Еще иногда они, протащив щеки через прутья, блеяли жалобными голосками узников:
— А па-а-азвоните моей маме — меня здесь не кормят, я домой хочу.
Она нашла скамейку в глубине двора. Дождь кончился, и из-за туч выкатилось солнце.
* * *
Домой уже захотелось. Дотащить туда эту тяжесть. Выпить водки, коньяка, любого крепкого, широкими глотками — ведь сразу легче. Но главное, зачем домой, — читать скорее, что такое “клетки — 202, нагрузка — 3800”, пусть расскажут, объяснят, почему “не приговор” — или это только про ВИЧ? — запуталась.

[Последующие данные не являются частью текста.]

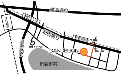 DANDELION[ダンデライオン] access: 東京メトロ 丸ノ内線 新宿御苑前駅から徒歩1分 JR 新宿駅から徒歩15分 address: 〒160-0022 東京都新宿区新宿1-4-12 シティ御苑ビルB館1F memo: 店舗でのギャラリー展示やグッズ販売等の委託ご依頼も受付中です。 詳しくは店頭にてお問い合わせ下さい。
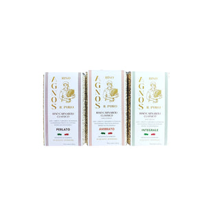 Scatola regalo elegante bordeaux con adesivo con 8 confezioni di Riso Carnaroli Classico Agnos da 500 g a mattonella sottovuoto miste:
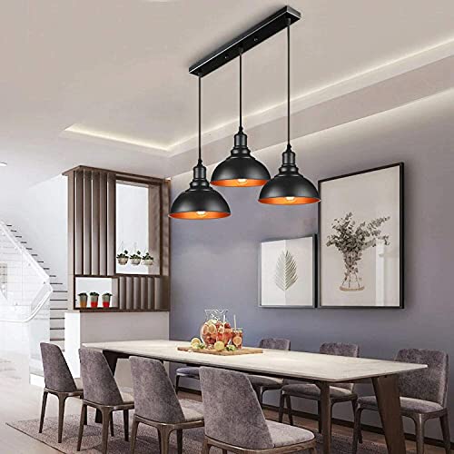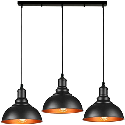 LEDSone Lampadario a sospensione a 3 teste moderno vintage industriale retrò metallo ferro paralume a sospensione (tipo 1)

Две недели она не верила, что инфицирована, думала, ошибка, надеялась, что ошибка. Много чего прочитала про ВИЧ-статус, приободрилась даже: обещали жизнь долгую, почти до конца, но СПИД...
Хотя и при таком диагнозе доктор обнадежил, что смерть не завтра. Именно поэтому она сейчас могла двигаться и разговаривать — еще не завтра, еще нет. А в те первые дурные минуты даже слышать не желала про какие-то пять или больше лет — да пошел ты! Репродукция Малевича качнулась за его спиной, дешевая рамка поплыла, раздвоилась, усмехалась оттуда длиннолицая девушка с гребнем. Он что-то говорил, говорил через усталые вздохи — у него была идеальная круглая бородка, — неужели она слышала?

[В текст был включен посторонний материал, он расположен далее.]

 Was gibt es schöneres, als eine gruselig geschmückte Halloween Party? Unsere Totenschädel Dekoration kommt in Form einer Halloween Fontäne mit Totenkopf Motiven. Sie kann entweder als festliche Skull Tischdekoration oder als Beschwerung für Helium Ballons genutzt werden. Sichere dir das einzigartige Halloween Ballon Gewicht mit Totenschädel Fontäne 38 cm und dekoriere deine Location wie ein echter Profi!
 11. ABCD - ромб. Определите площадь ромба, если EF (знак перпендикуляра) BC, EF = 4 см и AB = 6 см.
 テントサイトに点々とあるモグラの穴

— У вас ВИЧ примерно лет десять, сейчас уже в стадии СПИДа. Как же вы так, голубушка, не сдавали никогда кровь на ВИЧ? Но и в этой ситуации не следует отчаиваться, это больше не смертельный диагноз.
Доктор еще говорил про интернет-сообщества таких, как она, постучаться к ним, поддержат, мол, всё расскажут. Только советовал заходить туда достойно, не голосить — не любят. Да, это она сможет.
Открывая пачку, дрожала, как левретка. Она сделала глубокий вдох, задержала дым в легких, пока укладывала зажигалку в карманчик сумки, и медленно выдохнула. Прокатила высокая волна, обдала сладкой слабостью. Кружилась голова, руки-ноги — тряпочки, как будто выдернули скелет, и она опала без него, кончики пальцев немеют. Дина откинулась на спинку скамейки, которая немедленно провалилась в ту осень, когда она впервые закурила: месяц как из дома, без мамы, город чужой — сразу свой, сумрачный, великолепный, кардиограмма Петропавловки рвет сердце. Все нравилось, все: выходить из метро в промозглый вечер, спешить в общагу, где никто не ждет, но все рады, запах прелых листьев как воздух свободы, курить до самого крыльца. В оранжевом тепле щербатые тарелки вкруг, жмутся к ним алюминиевые ложки-вилки, картофельный пар из кастрюли. Множатся чайные пакетики в граненых стаканах, а от электрочайника запотели окна. Девочки машут “за стол, за стол”, и мальчики, мальчики.
Горела осень парковым золотом в огромных стеклах главного здания, а мама пишет: снег у них...
На бетонной урне у соседнего подъезда сидела опрятная ворона. Точно вымытая дождем. Про таких Динин папа говорил: “Сука, умная, как мы с тобой!”, имея в виду обобщенное человечество. Ум она скрывала как могла, вертя гладкой макушкой по всем сторонам света. Неожиданно взгляд ее упал на дно урны, и ворона онемела. Она вжала голову в плечи и стала быстро и дискретно озираться по сторонам, подрагивая от страха конкуренции. Что-то серьезное было на дне апрельской урны. Дина не двигалась, но ворона и не принимала ее в расчет: какие-то другие соперники мерещились ей. Опасаясь их, ворона сначала отвлекающе попрыгала по бетонному периметру, загораживая находку неширокой спиной. Притворялась беспечной и как будто даже насвистывала: даже не думайте, в урне — так, дерьмецо одно! Дина поняла, что улыбается. Убедившись, что миру не до нее, ворона приступила к извлечению.